Min Otroliga Svenska Resa: Rötter
aka My Incredible Swedish Journey: Roots
I consider the changing light, which plant should be moved and why. With the dogs sunning themselves and the morning birds dancing in the limbs of the berry-filled photinia, I unnest a couple dirt-crusted pots, thinking of the monstera that needs more room to root. As I scrub the largest of the containers, I think about how long I’d had this last tangible artifact from my ex-mother-in-law, now in her ninth decade, a matriarch who maintained strong local ties with generations of her East Texas family. Sponging soapy water over the fragile glazed pot, my thoughts light on the farmor (father’s mother) of my offspring.
Clean things up before you bring them inside, I think. Whatever I let live in me needs a proper polishing first. Brush away the dangling regrets, soften the crusts of guilt, wipe off the webs of failings and droppings of insecurity. I made peace with the end of my marriage decades ago, celebrating the resulting children and gleaning a wealth of lessons I might not have learned otherwise. For one, I can choose to disengage from that which limits a healthier, happier me.
The inherited planter mirrors the color of my long-gone wedding gown, a lacy ivory, progressively off-white. The mother of the groom wore scarlet that day. The older I became, the more I admired her commitment to place. I hadn’t been satisfied staying put. Let me be on the move, mapping the horizon, boots and binoculars packed along. My eyes had been the hungry kind. Show me more! Show me more!
And suddenly I’m thinking about a garden outside Umeå during the filming of the fifth episode of Allt for Sverige. Some may call my involvement a frivolous waste of time. I call it fate. Cast and crew had traveled nine hours north of Stockholm in late August. The sun was as flirty as I had ever seen it, and the breezes made me tingle like sexy kisses from a crush. I relished the thrill and hugged myself as I walked with my comrades up to the farm where we would spend the night.
Hanna and her extended family granted us the delights of their garden, the freshness of their youth, the whole space a container for sustainability, beauty, and love.
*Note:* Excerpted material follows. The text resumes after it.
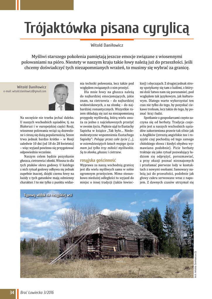 Trójaktówka pisana cyrylicą Witold Daniłowicz Myśliwi starszego pokolenia pamiętają jeszcze emocje związane z wiosennymi polowaniami na pióro. Niestety w naszym kraju takie łowy należą już do przeszłości. Jeśli chcemy doświadczyć tych niezapomnianych wrażeń, to musimy się wybrać za granicę. Witold Daniłowicz e-mail: [email protected] Na szczęście nie trzeba jechać daleko. U naszych wschodnich sąsiadów, tj. na Białorusi i w europejskiej części Rosji, wiosenne polowania wciąż są dozwolone i cieszą się dużą popularnością. Sezon trwa jednak bardzo krótko – w Rosji zaledwie 10 dni (od 18 do 28 kwietnia) – więc wyjazd powinno się przygotować odpowiednio wcześnie. Naszym celem będzie pozyskanie głuszca, cietrzewia i słonki. Wiosna to dla tych ptaków okres godowy. U każdego z nich rytuał godowy odbywa się jednak zupełnie inaczej, dzięki czemu łowy na każdy z tych gatunków mają odmienny charakter. I to nie tylko z punktu widze- nia techniki polowania, lecz także pod względem związanych z nim przeżyć. Dla mnie łowy na głuszca należą do najbardziej emocjonujących, jakie znam, na cietrzewia – do najbardziej widowiskowych, a na słonkę – do najbardziej romantycznych. Wszystkie razem składają się zaś na niezapomnianą przygodę myśliwską, którą wielu uważa za jedno z najciekawszych przeżyć w swoim życiu. Pięknie ujął to Eustachy Sapieha w książce „Tak było… Niedemokratyczne wspomnienia Eustachego Sapiehy”: Polując przez całe życie (…), w osiemdziesiątych latach mojego życia mam już tylko trzy miłości myśliwskie. Są to słonka, głuszec i cietrzew. rosyjska gościnność Wyprawa za naszą wschodnią granicę jest dla wielu myśliwych sama w sobie ogromnym przeżyciem. Mimo stosunkowo niedużej odległości to wyjazd do miejsc o innej tradycji (także łowiec- kiej) i obyczajach. Z drugiej jednak strony spotykamy się tam z ludźmi, z którymi dość łatwo nam się porozumieć, pod względem tak językowym, jak kulturowym. Dlatego warto wykorzystać ten czas nie tylko do tego, by pozyskać ciekawe trofeum, lecz także do tego, by poznać kraj i ludzi. Spotkanie z gospodarzami często zaczyna się od herbaty. Tradycja czajepitia jest u naszych wschodnich sąsiadów zakorzeniona prawie tak silnie jak u Anglików (zresztą angielskie tea i rosyjski czaj pochodzą od tego samego chińskiego słowa i kiedyś obydwa wymawiano podobnie). Picie herbaty traktuje się jako rytuał pozwalający ludziom się odprężyć, porozmawiać, a przy okazji poznać nieznajomych i przełamać pierwsze lody w kontaktach z nowymi osobami. Samowary należą już do przeszłości, podobnie jak głowy cukru serwowane wraz z napojem. Z dawnych czasów utrzymał się Arch. Witolda Daniłowicza (5) Typowy widok na rosyjskiej wsi 34 Brać Łowiecka 3/2016 Ostatnie wskazówki przed podchodem natomiast obyczaj picia herbaty z konfiturą (czaj z warienjem) albo miodem, podawanymi na specjalnych malutkich talerzykach. Rosjanie są miłośnikami dobrej herbaty i jej znawcami. Chcąc sprawić przyjemność gospodarzom, warto pochwalić jakość spożywanego napoju – na pewno to docenią. Zasady gościnności wymagają też, aby gościa nakarmić. Trzeba się więc przygotować na duże ilości jedzenia. Raczej nie będzie ono niskokaloryczne, ale bez wątpienia smaczne. Najrozmaitsze rodzaje pierożków (z twarogiem albo z konfiturą), pielmieni, sałaty – to dopiero wstęp do prawdziwego obiadu czy kolacji. Ponieważ staram się zawsze zjeść (przynajmniej w symbolicznej ilości) to, co upolowałem, z reguły udaje mi się przekonać kucharza, żeby ugotował zupę z cietrzewia albo słonki – coś w rodzaju rosołu z kawałkami mięsa. Warto też spróbować pieczeni z głuszca. Jej przyrządzenie wymaga jednak trochę czasu, bo tuszka tego ptaka musi się wcześniej odpowiednio długo odmoczyć. Do picia zapewne dostaniemy typowo rosyjski napój o nazwie mors, zrobiony z czerwonych owoców. Przypomina nasz kompot, tyle że ani woda, ani owoce nie są gotowane. Mój pierwszy głuszec Jedzenie to także rozmowa, a co jakiś czas ktoś proponuje wypicie kieliszka i wznosi toast. Pod tym względem dzieli nas jednak przepaść kulturowa. Toast u Rosjan to bowiem krótkie przemówienie, zawsze kończące się morałem. Obowiązuje zasada, że każdy uczestnik biesiady powinien wygłosić toast przynajmniej raz. Warto się więc do tego przygotować – posłuchać, co mówią inni, wczuć się w nastrój i powiedzieć coś od siebie. Sztuka konwersacji na Wschodzie jest bardzo rozwinięta i dobry partner do rozmowy zawsze będzie miłym gościem. Trzeba się jednak nastawić na to, że nasi interlokutorzy są z reguły przekonani o absolutnej prawdziwości podawanych przez siebie informacji czy słuszności swoich przekonań. Dlatego np. jeżeli w rozmowie o motoryzacji usłyszymy, że samochód jakiejś marki jest „najlepszy na świecie”, to najczęściej zostanie to powiedziane w taki sposób, jakby ten fakt podała do wiadomości akademia nauk. Najlepiej obrazuje to wypowiedź mojego rosyjskiego znajomego skierowana do jego przyjaciela w trakcie sporu na temat znaczenia jakiegoś technicznego określenia z dziedziny produkcji wina: „Dlaczego ty się ze mną kłócisz? Przecież ja ci mówię, jak jest!”. głuszec, czyli emocje O godz. 2.00 nad ranem budzi mnie stukanie do drzwi. To najmniej przyjemny aspekt wiosennych polowań, zwłaszcza pierwszego dnia pobytu. Na szczęście świadomość, że za chwilę wyruszamy na głuszca, podnosi poziom adrenaliny i pozwala zapomnieć o braku snu. Ubranie, broń, szybka kawa i można jechać. Przed domem czeka jegier’ – tak po rosyjsku (z niemiecka) określa się łowczego, czyli zawodowego myśliwego, a w tym przypadku podprowadzającego. Do łowiska mamy spory kawałek – 45 min jazdy – więc po drodze zdążymy omówić sposób polowania. Najczęściej wygląda t

Whether the rabbit hutch or the fire pits or the outside feast table, each feature of the farm from greenhouse to pasture to kitchen ordained home as a sacred space to be shared.
After a good night’s sleep on the third floor of the farmhouse, I found myself sitting in the sudden intimacy of the kitchen where several of us savored strong Swedish coffee, buttery bread, homemade cloudberry jam, and fresh eggs. This is what conviviality means, I thought. After months of COVID sequester, being a guest in someone else’s kitchen was like a dream, one I wanted to keep having.
I could imagine myself staying, stowing away behind the oldest cabin, one built by the farfar (father’s father) of Hanna’s husband. I would make a bed in the fern softness under the pines and spruce of the hillside, lie on my back, knees bent, feet planted on earth. I’d fold my hands behind my neck, elbows pointing past the tree tips up toward the glow. I’d breathe as if the exchange of air in this place were turning me into more of myself. I’d inhale and exhale for a good long time, then I’d dig into my knapsack for something I’d written in Swedish, with the help of an online translation tool, before the trip. In the forested light, I’d reread the soul stuff, longing for the melody to lift it into song.
The wind wakes the tree chimes as the washed planter tumbles onto its side at my feet. Daydreaming has emptied my hands of a chore. Stretching upward, I move to the rock pile for enough pebbles to line the bottom of the pot before adding a cushion of dirt and the unhoused monstera. I think about what is required to take root, to leaf, to grow. The chimes cheer me, and I hum along as I press fresh soil around the transplant, promising it good light inside.